1. Not defining WPP custom types and using it in trace calls to get human readable traces messages. See Adding WPP Software Tracing to a Windows Driver.
2. Not using IFR tracing. See Using Inflight Trace Recorder (IFR) in KMDF and UMDF 2 Drivers.
3. Calling out function names in WPP trace calls. WPP already tracks function names and line numbers.
4. Not using ETW events to measure performance and other critical user experience impacting events. See Adding Event Tracing to Kernel-Mode Drivers.
5. Not reporting critical errors in eventlog and gracefully marking the device non-functional.

Verification

1. Not running driver verifier with both standard and advanced settings during development and testing. See Driver Verifier. In the advanced settings, it is recommended to enable all rules, except those rules that are related to low resource simulation.

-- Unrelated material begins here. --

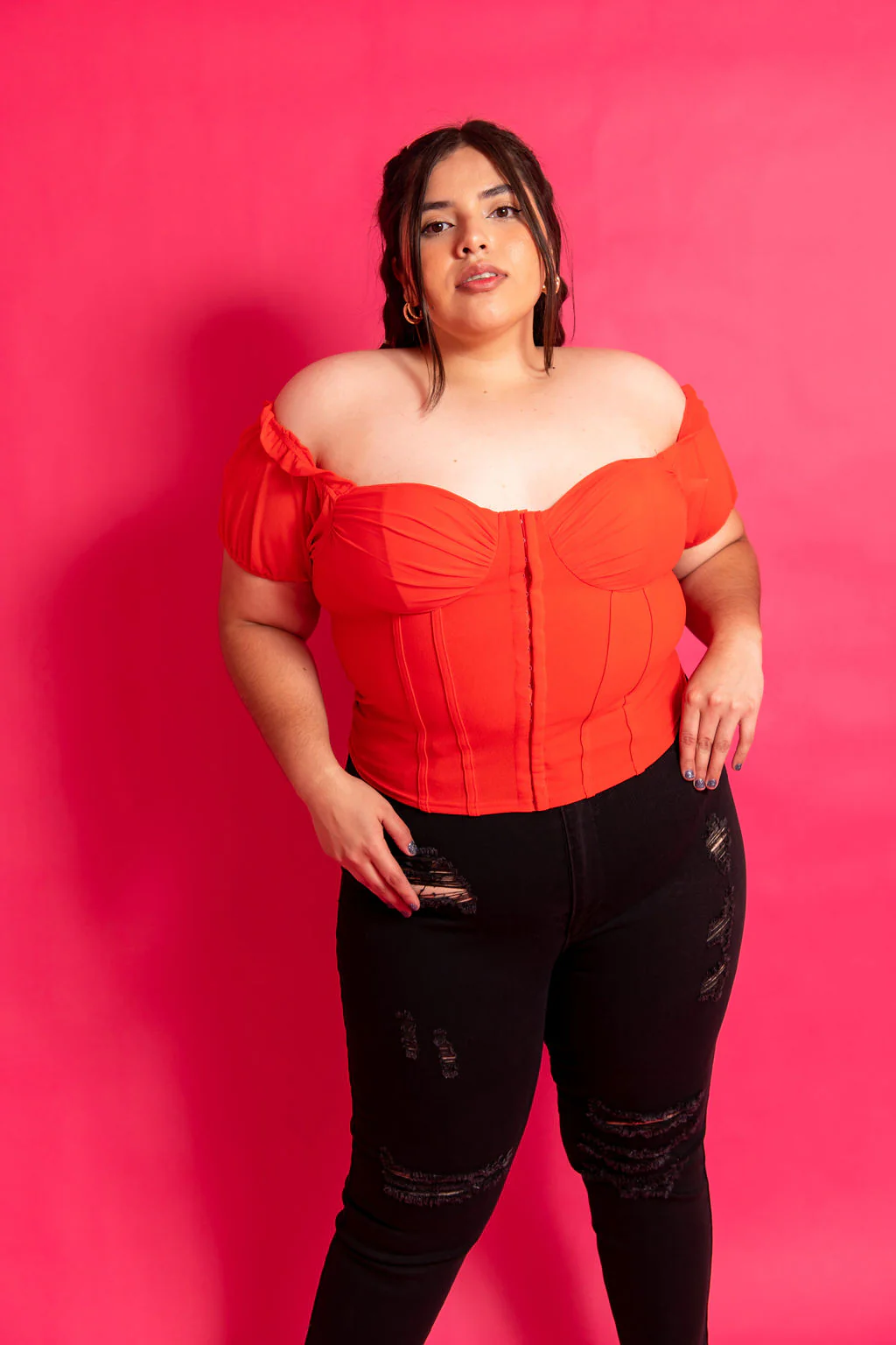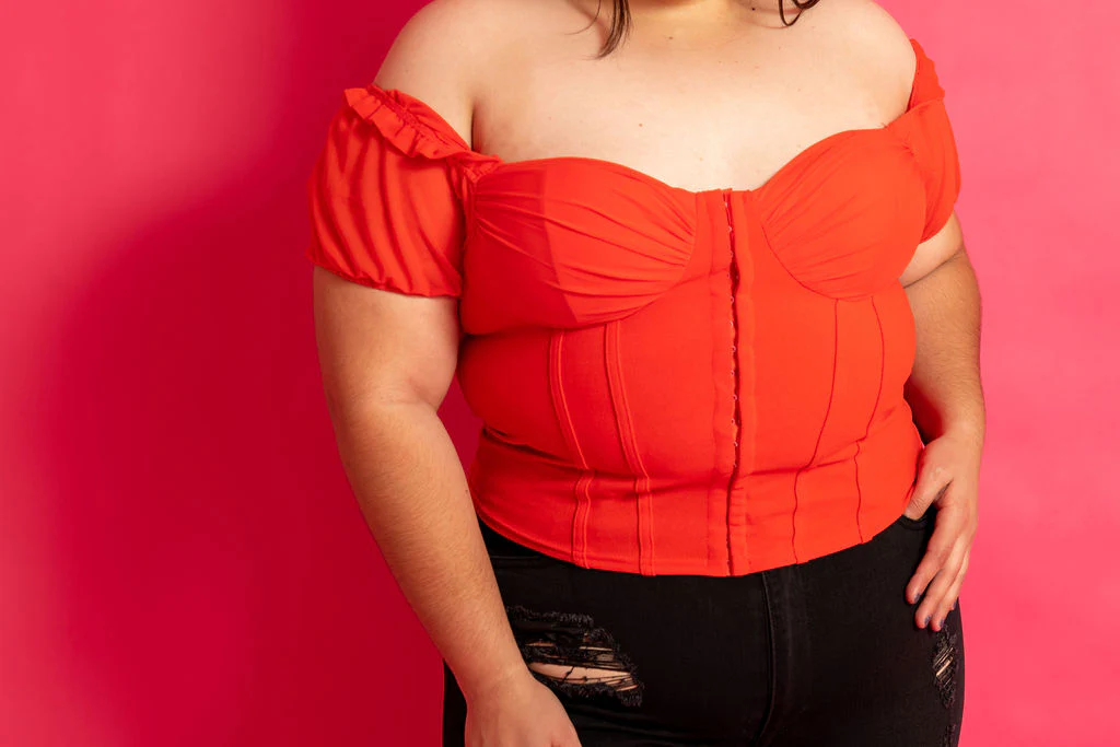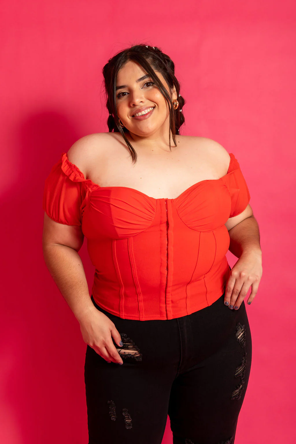 Nuestra modelo Jocelyne viste talla 40, es decir 2XL.
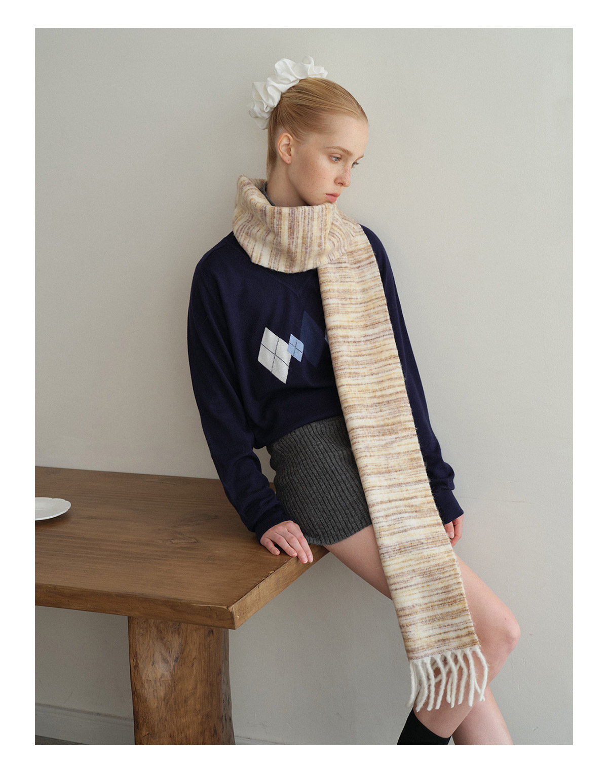 Scarf containing wool gradual change women's winter niche segment dye soft Korean brushed soft fringed wool scarf

It is preferable to run the low resource simulation tests in isolation to make it easier to debug issues.
2. Not running DevFund test on the driver or the device class the driver is part of with advanced verifier settings enabled. See How to run the DevFund Tests via the command-line.
3. Not verifying that the driver is HVCI compliant. See Implement HVCI compatibile code.
4. Not running AppVerifier on WUDFhost.exe during development and testing of user mode drivers. See Application Verifier.
5. Not checking usage of memory using the !wdfpoolusage debugger extension at runtime to make sure WDF objects are not abandoned. Memory, requests and workitems are common victims of these issues.
6. Not using the !wdfkd debugger extension to inspect the object tree to make sure objects are parented correctly and checking the attributes of major objects such WDFDRIVER, WDFDEVICE, IO.